The Economist’s Middle East and Africa section has a piece on the plight of those exposed to environemntal disasters due to climate change. The article talks a bit about the nomads of northern Kenya and how their livelihood remain endangered as the place gets drier and the drought cycle shortens. As I have stated before, it is not enough for us to pretend that the type of lifestyles still maintained by the nomads of Kenya, and Africa in general, are sustainable. The simple truth is that they are not. It is 2009 and human beings should not still be living at the mercy of nature, if they can avoid it. It is time these communities were given incentives to start laying the groundwork for a sedentary lifestyle. This is not cultural imperialism or anything. It is what’s practical.

And by the way, it is not condescending to say that nomadic pastoralism belongs in the stateless past when there was no concept of land tenure or stuff like libraries and hospitals and schools that require a sedentary lifestyle. “Incentives” here means some sort of nudge in the right direction. And to be quite honest, sometimes communities might make the wrong choices if the state stays out of their business. If a community chooses a lifestyle that kills half its children before they are five, confines women to the fields and kitchen, promotes high illiteracy rates and is generally backward by universally accepted standards of human life then I believe that the state has a duty to intervene. Now I know that for most of Africa the state is largely unable to do anything, and that is why there are NGOs everywhere (well to some extent). But this (the existence of an interventionist developmental state) ought to be the case.

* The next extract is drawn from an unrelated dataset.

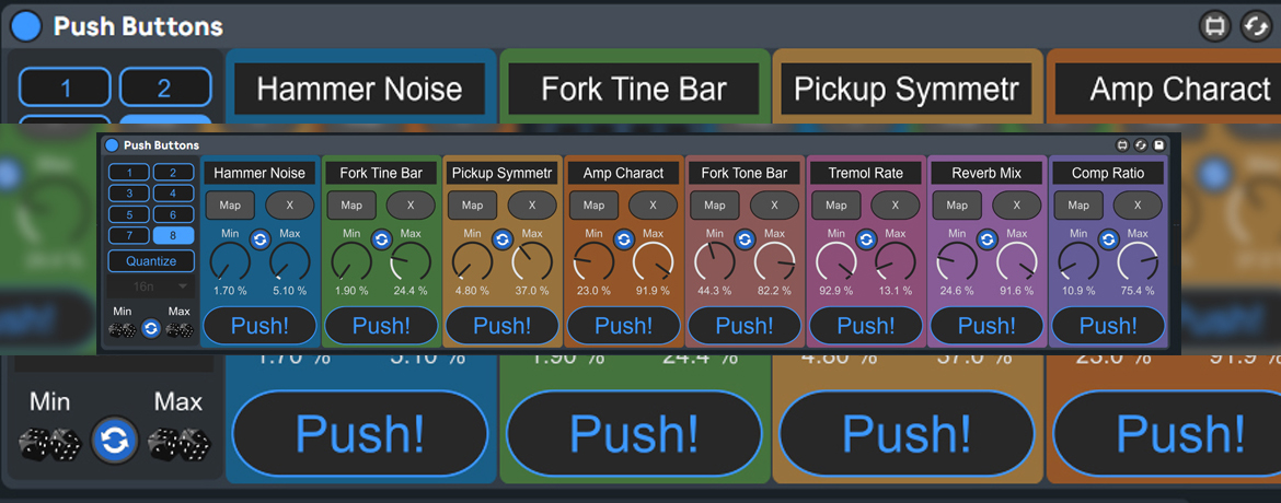 | Description: | Push Buttons is a small macro mapper where you can trigger a specific value of a dial in your Live Set with a button / toggle button. The idea is not new but very effective. Especially when working on screen, it's much easier and faster to push a button than to turn a dial knob... MAIN FEATURES: - Up to 8 mappers with min / max range and randomizer - Input quantization (Live transport must be aktive!) - As always a multicolored exterior Criticism, bug reports, suggestions, complaints, tips or whatever are always welcome! -> You need help? Contact me: metamagicum@gmx.de Or post a comment: https://maxforlive.com/profile/user/Metamagicum Push the button! Push Buttons: 1.0 tested on Windows 10 Tested Max Version: 8.3.1 / 8.5.6 / 8.6.4 Tested Ableton Live Version: 11.2.0 / 12.0.0 / 12.0.5 |

How we can make the state do what it ought to do is another can of worms. But I think that right off the bat those involved in the development industry should always make it clear that the aim is to guarantee people a decent livelihood and not to merely make them comfortable in their poverty by pretending to “respect” their cultures and ways of life. This faux-respect is the kind of stuff that should never leave anthropology seminar rooms.

And going back to the Economist piece, the clown who wrote that piece should know that talking about the poor of the global south “picking up sticks” in conflicts is not cool. Such a condescending tone does not help anyone. The cheap humor is not worth it.